Task description -
Copy down every line of the data that follows exactly. Omit the pictures.

Raw data -
^^^^
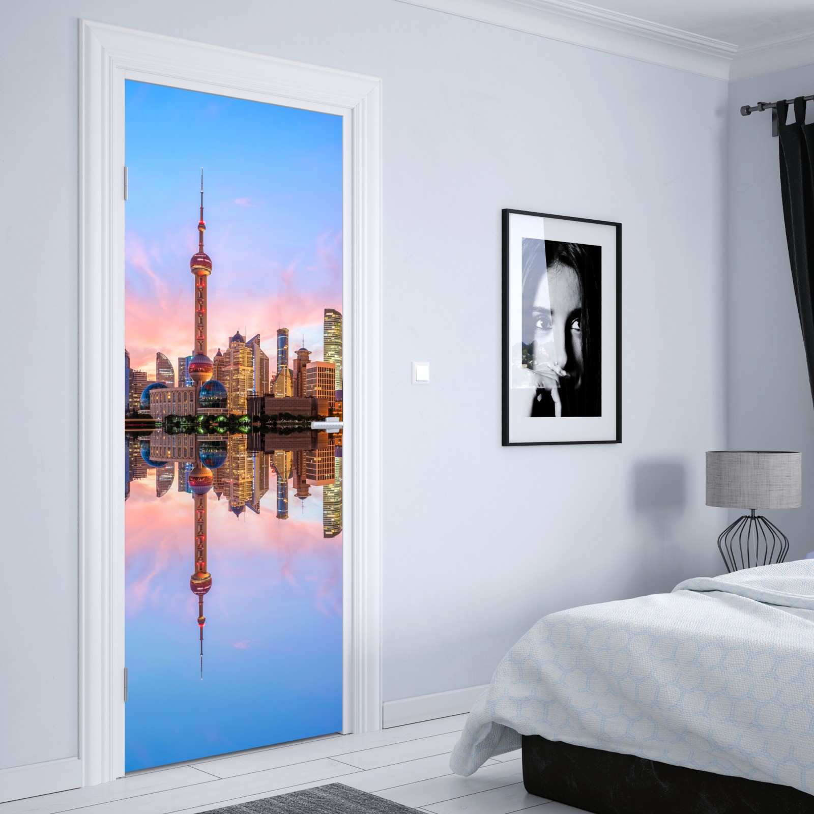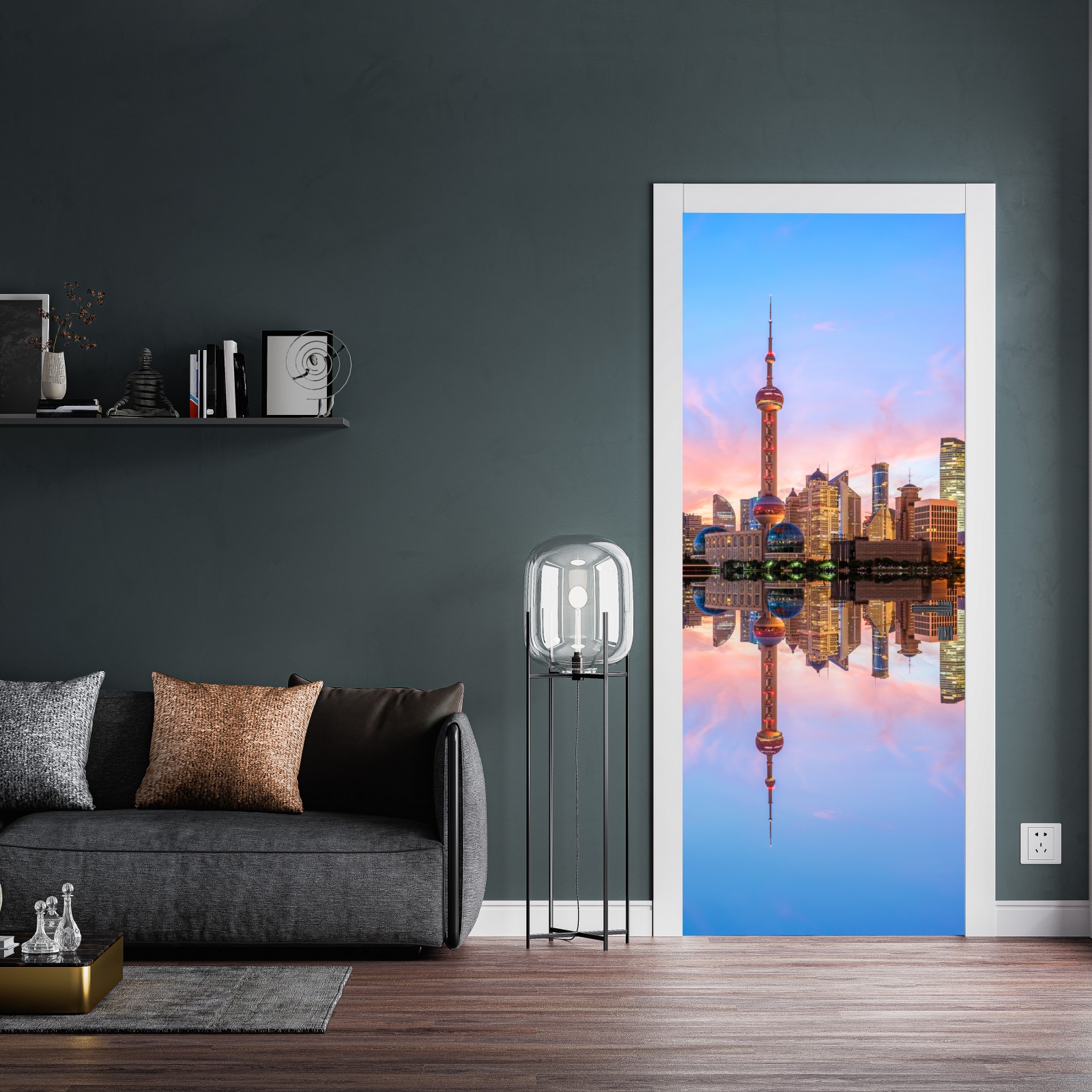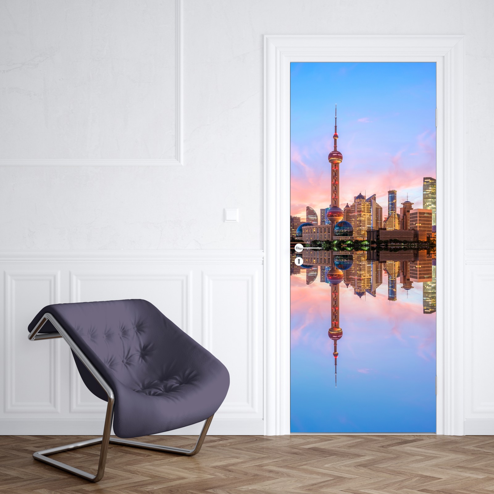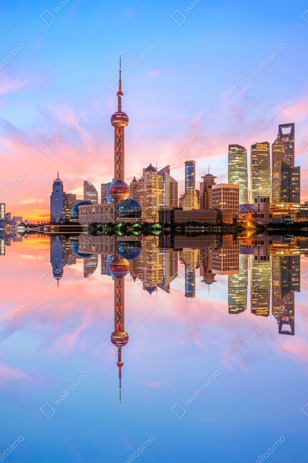 Dodaj do wnętrza świeżą energię Szanghaju dzięki pastelowemu krajobrazowi miejskiego poranka z lustrzanym odbiciem na wodzie.
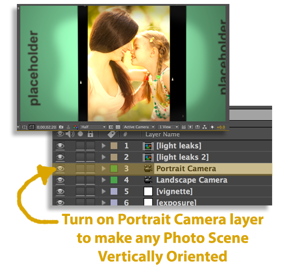 Every animated photo scene can easily be switched from landscape to portrait orientation- that’s TWO different animations in one scene! Just turn on the cam-era layer you need- Landscape or Portrait- and the template does all of the work for you.
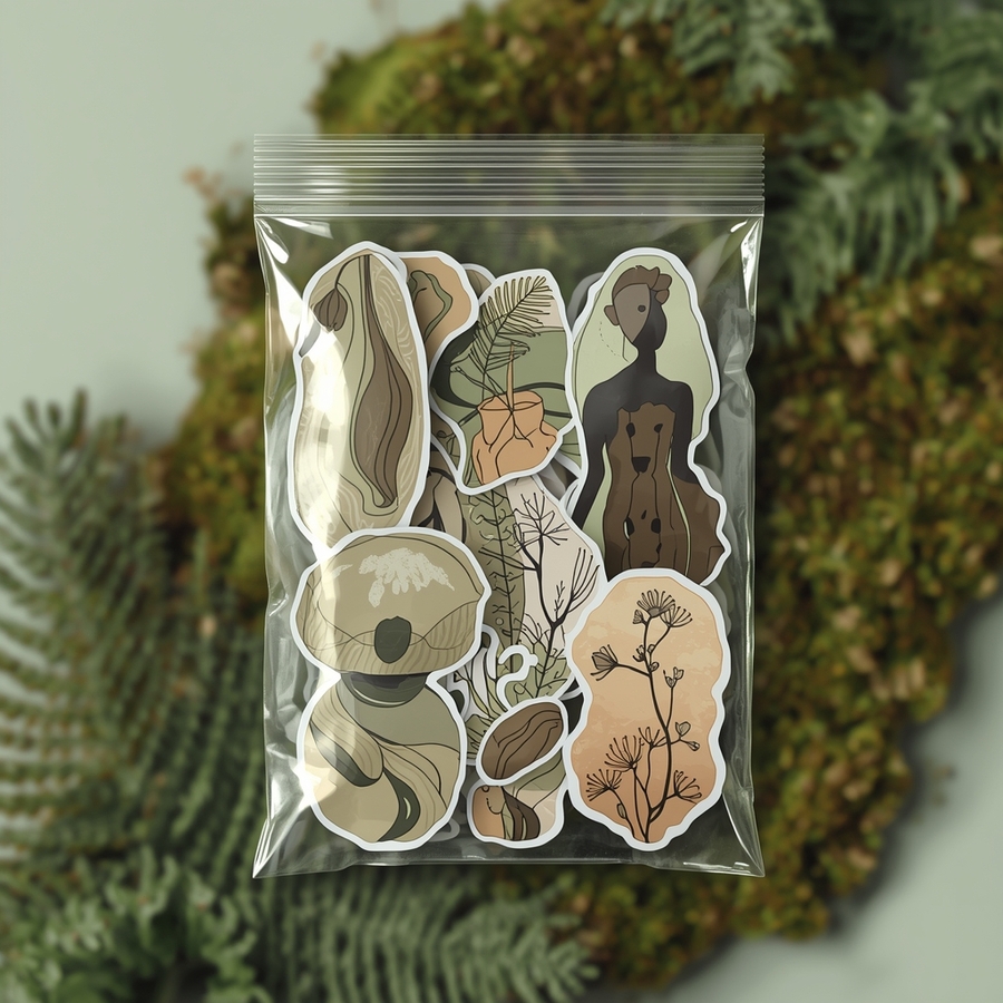 промт: *A cohesive series of photorealistic product mockups in the surreal, Dadaist style of Francis Picabia, featuring: — a white cotton t-shirt, — a hardcover art book, — a natural linen tote bag, — a set of transparent stickers inside a resealable zip-lock bag, — and an iPhone 16 case.
^^^^
Response to this task -
 Dodaj do wnętrza świeżą energię Szanghaju dzięki pastelowemu krajobrazowi miejskiego poranka z lustrzanym odbiciem na wodzie.
 Every animated photo scene can easily be switched from landscape to portrait orientation- that’s TWO different animations in one scene! Just turn on the cam-era layer you need- Landscape or Portrait- and the template does all of the work for you.
 промт: *A cohesive series of photorealistic product mockups in the surreal, Dadaist style of Francis Picabia, featuring: — a white cotton t-shirt, — a hardcover art book, — a natural linen tote bag, — a set of transparent stickers inside a resealable zip-lock bag, — and an iPhone 16 case.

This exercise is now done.